The mixture of precipitation and rapidly changing weather likely will produce the potential for sudden icing on roads, with high winds leading to blowing snow and reduced visibility.
“The Illinois Department of Transportation’s snow-and-ice teams will be prepared and out in force,” said IDOT director Omer Osman. “The public needs to be ready for conditions to change quickly and worsen if they are out on the roads.”
“As always during periods of extreme weather, the safest option is to postpone any unnecessary trips and stay home,” Osman adds. “If you must travel, prepare for very slow and potentially hazardous conditions. Please slow down around our plows and other emergency vehicles, giving them plenty of room to do their jobs.”

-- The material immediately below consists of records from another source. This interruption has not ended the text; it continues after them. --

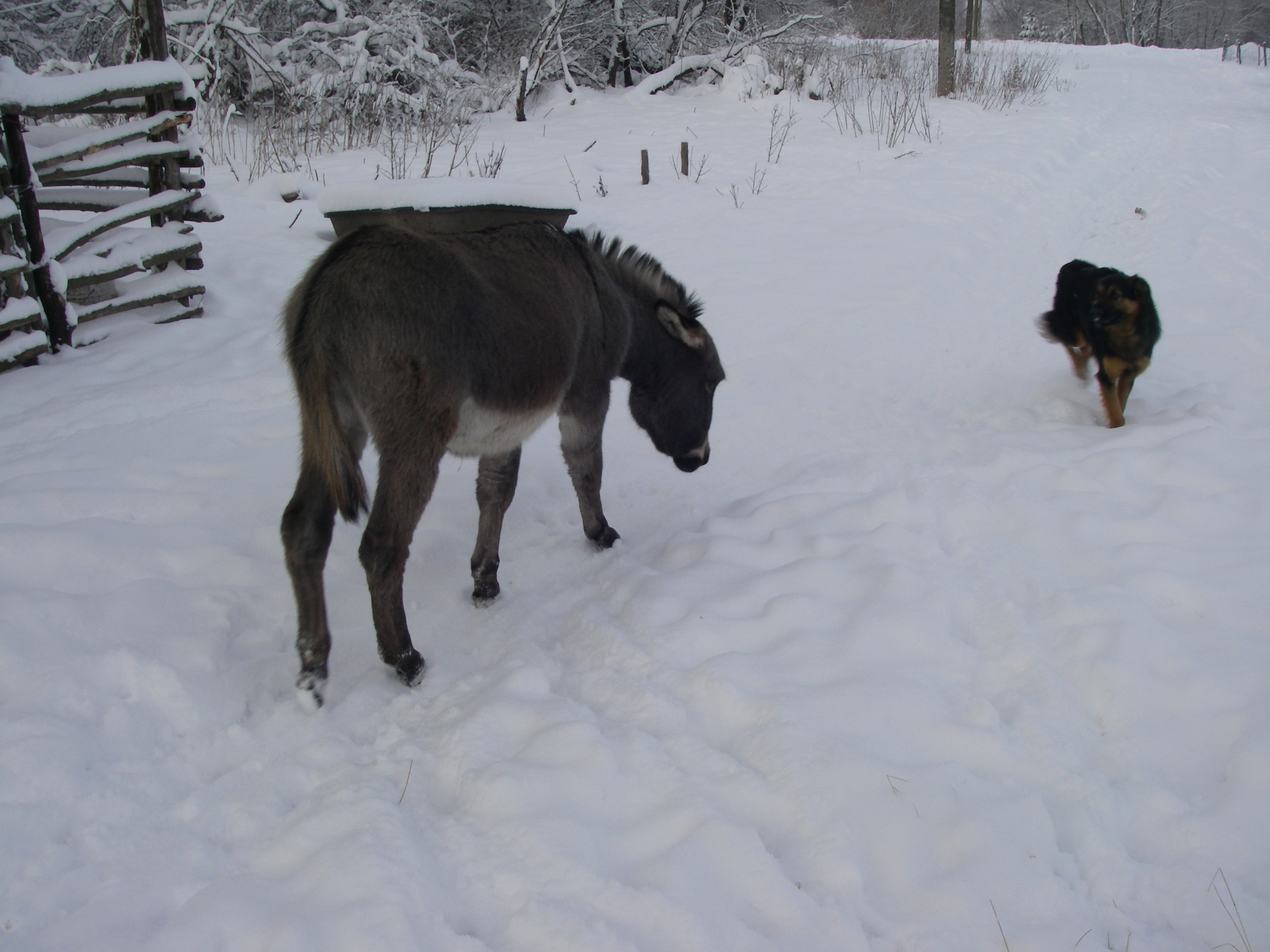 QUOTE(Чёрный скат @ Dec 29 2025, 22:41) Давайте лучше свежих фоток Сененых да и рассказ в вашем стиле за него приветствуется. Вчера только утром инет был, а потом вырубили его на сутки. Поэтому только сёня фотки Сени выкладываю, а не вчера, как обещал. Чувачок возмужал, окреп, поумнел, но хулиганить всё равно любит. Особенно подкрасться по-тихому сзади и попытаться прикусить за одежду или даже на дыбы встать и передними копытами на плечи опуститься. Вроде и страшно, но одновременно и смешно. Если уши вдруг внезапно прижал (как на фото с пёселем), значит задумал какую-то подлянку или хитрость, типа толкнуть человечка своей толстой жопой, или от одежды какую-нить бирюльку-висюльку оторвать, либо нагло истребовать хлебушка или печеньку у людишек, а иначе лёгкий кусь обеспечен. Любит этот чудик палки во рту таскать, пакеты, пластиковые бутыли и т.д... схватит полторашку из-под пива и давай ходить с ней и головой из стороны в сторону мотать, как оглашенный. Малой он ещё, развлекухи и игрушек требует. Вон, на фото какую-то ветку схватил и тащит её куда-то с умным видом... Друг Бася тоже рядом с Сеней всегда трётся и играть его зазывает без устали. А на последней фотке - такую морду Сеня всегда делает, когда просит сухарика, печеньку, яблочко, ну или любое другое лакомство. И выражение всегда такое мол "Есть чего вкусного? А если найду"? И хрен отмажешься, иначе обидится, приходится всегда носить с собой полкармана разных хлебобулочных изделий или яблок. Запарился уже крошки вытряхать из карманов. Эта прошаренная морда уже давно догнал, как можно развести людишек, которые души в нём не чают, на печеньки с плюшками. С разумом в этой лохматой башке всё отлично, несмотря на то что ослов считают тупыми. Хотя, иногда и по мордасам получает за косяки или излишнюю наглость, что тоже ума ему неплохо прибавляет. -------------------- Ишь ты...
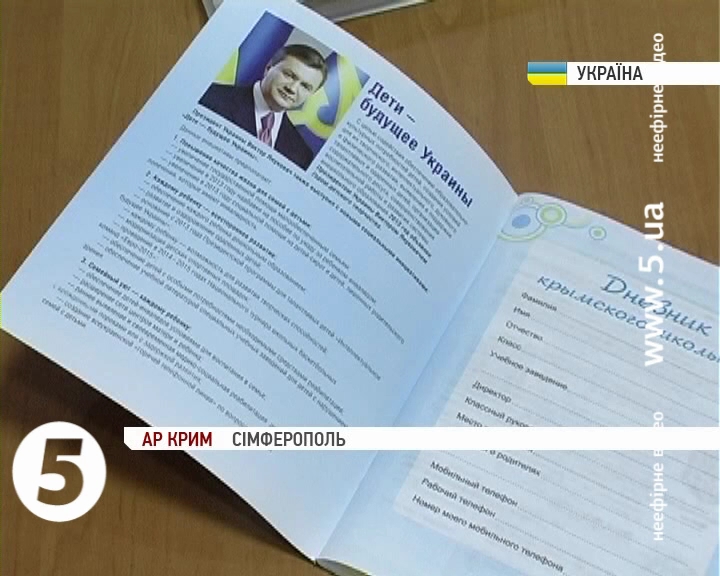 Із символікою Партії регіонів та обличчями партійних лідерів - відтепер такий щоденник у наплічнику кожного кримського школяра. Зі світлин учням усміхається глава держави, головний освітянин країни та депутати-регіонали обрані від автономії.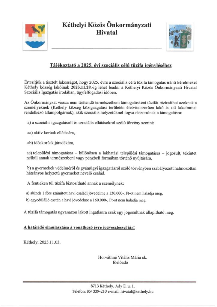 Kezdőlap - Nyomtatványok - Hírek - Tájékoztató! a 2025. évi szociális célú tűzifa igényléséhez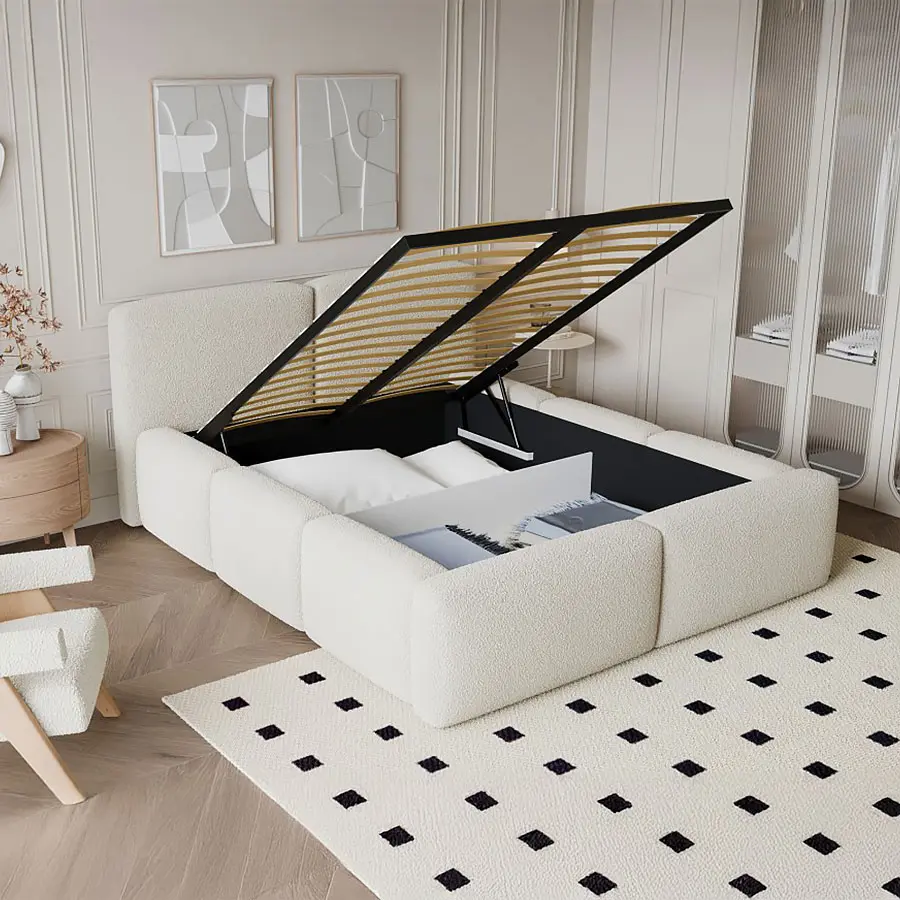 Interesse. Großer Bettkasten mit Gasdruckfedern für leichtes Öffnen; Stahlrahmen mit federnden Leisten für Stabilität.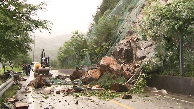 산비탈에서 쏟아져 내린 바윗덩이로 도로가 막히고 끊기기도 했습니다.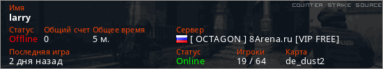 Играет на Counter Strike Source сервере. Страна: РоссияПервый раз замечен 19:55 25.04.2026

Rain, wintry mix expected in Illinois
The National Weather Service is predicting a wintry mix of precipitation to start with thunderstorms and heavy rain in much of the state this evening, converting to freezing rain overnight before turning to snow Thursday morning. In addition to localized flooding, ice and sleet accumulations are likely, creating extremely slippery surfaces and slick conditions.
Much of the state will see accumulating snow throughout the day Thursday, with the highest totals in the central and north regions. Up to 10 inches is predicted from Quincy northwest to Pontiac, Bloomington-Normal, and Kankakee, with parts of the Chicago area receiving close to 7 inches. Winds in excess of 40 mph will make driving difficult, especially for high-profile vehicles on east-west roads, while causing snow to blow and drift.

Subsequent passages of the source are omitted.